Five contexts emerge as the main foci of study: (1) Italian historic migration, with some 27 million emigrants between 1870 and 1970; (2) Italian diasporic communities, with some 80 million people worldwide today; (3) Italian colonial history, with some 500,000 settlers at its peak in 1940; (4) Italy as a destination for migrants and refugees, from the 1980s onwards; (5) the so-called new Italian emigration, from the turn of the century onwards.
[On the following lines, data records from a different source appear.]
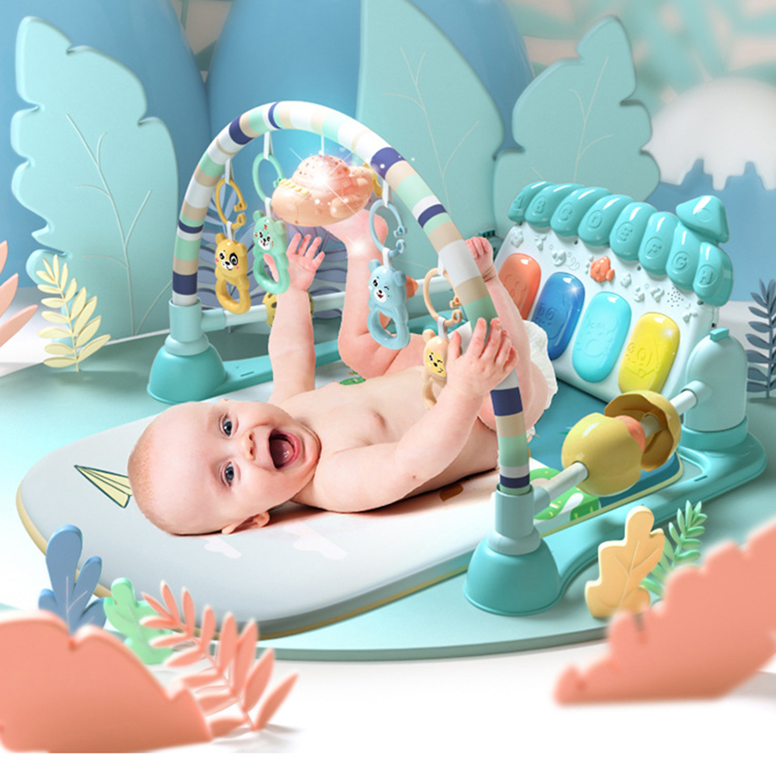 -Сочетает в себе игрушечное пианино и стойку для тренажерного зала, а также съемный коврик для ползания. Подходит для детей в возрасте 0-18 месяцев. Этот игровой коврик-настоящий «обязательный» для родителей и младенцев.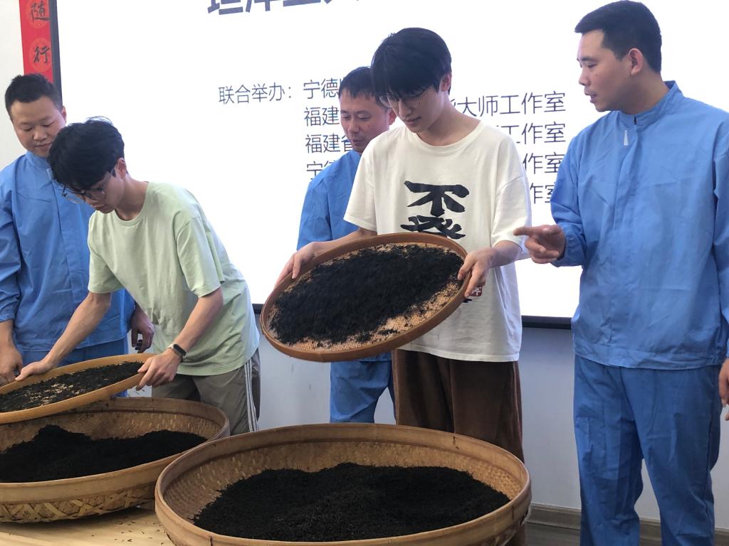 为深化实践教学效果,活动特别设置精制工艺实操体验环节。在黄先洲、郑国华、陈辉煌、刘小春四位技能大师的现场指导下,参与师生亲手操作圆筛、抖筛、扬簸等工序,细致感受各环节的技术要点与操作规范,切实体会传统制茶工艺的精细与考究。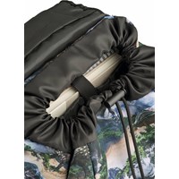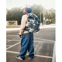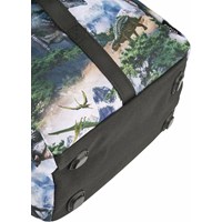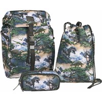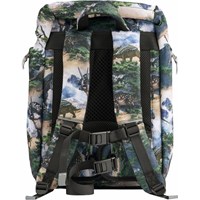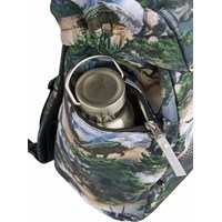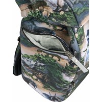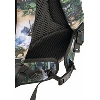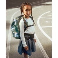 Greengrey school bag with dinosaur landscape print in durable polyester with a water-repellent surface. The bag has an adjustable chest strap and hip belt for optimal weight distribution, as well as padded shoulder straps, back panel, and hip pads for comfort. It is equipped with a practical hanging loop, a sturdy lid with front closure, and two side pockets with zips, one of which is lined with thermal insulation material for storing items like a water bottle. The main compartment can be cinched at the top and contains three elastic inner pockets for organisation, as well as a foam-padded pocket for extra protection of electronics or books. The bag also has reflectors on all external zips and straps for increased visibility in traffic. Dimensions: 40 x 15 x 28. Volume: 20L.

A transnational approach to Italian Studies, as attempted in this multidisciplinary conference, will develop a multi-perspectival view of Italian cultural identity in movement within the relevant historical frameworks, and thus produce new thinking and a sharper understanding of the ways in which perceived differences are formed, acted on, and reacted to. In this way, this symposium aims to function as a model whose methodology and insights apply beyond the Italian case.

  • What lessons can we draw from the study of Italian communities and culture(s) as they adapt, react and change across different migratory and diasporic experiences?
  • What defines italianità, or even italicità, within the diverse, hybrid contexts of global mobility?
  • How do these studies help us question established notions and practices of multiculturalism, as we enter a new interethnic, inter-racial age, globally characterised by increasingly complex patterns of métissage and integration?
  • What is the contribution of Italian migration and diaspora studies to the development of new theoretical and political frameworks that may foster interethnic cohesion and class solidarity, and counter the rising tide of racism triggered by the current economic crisis and geopolitical instability?

The convenors intend to publish the proceedings of the entire conference as a peer-reviewed book, and a selection of the best papers from each local chapter as special editions of prestigious peer-reviewed journals.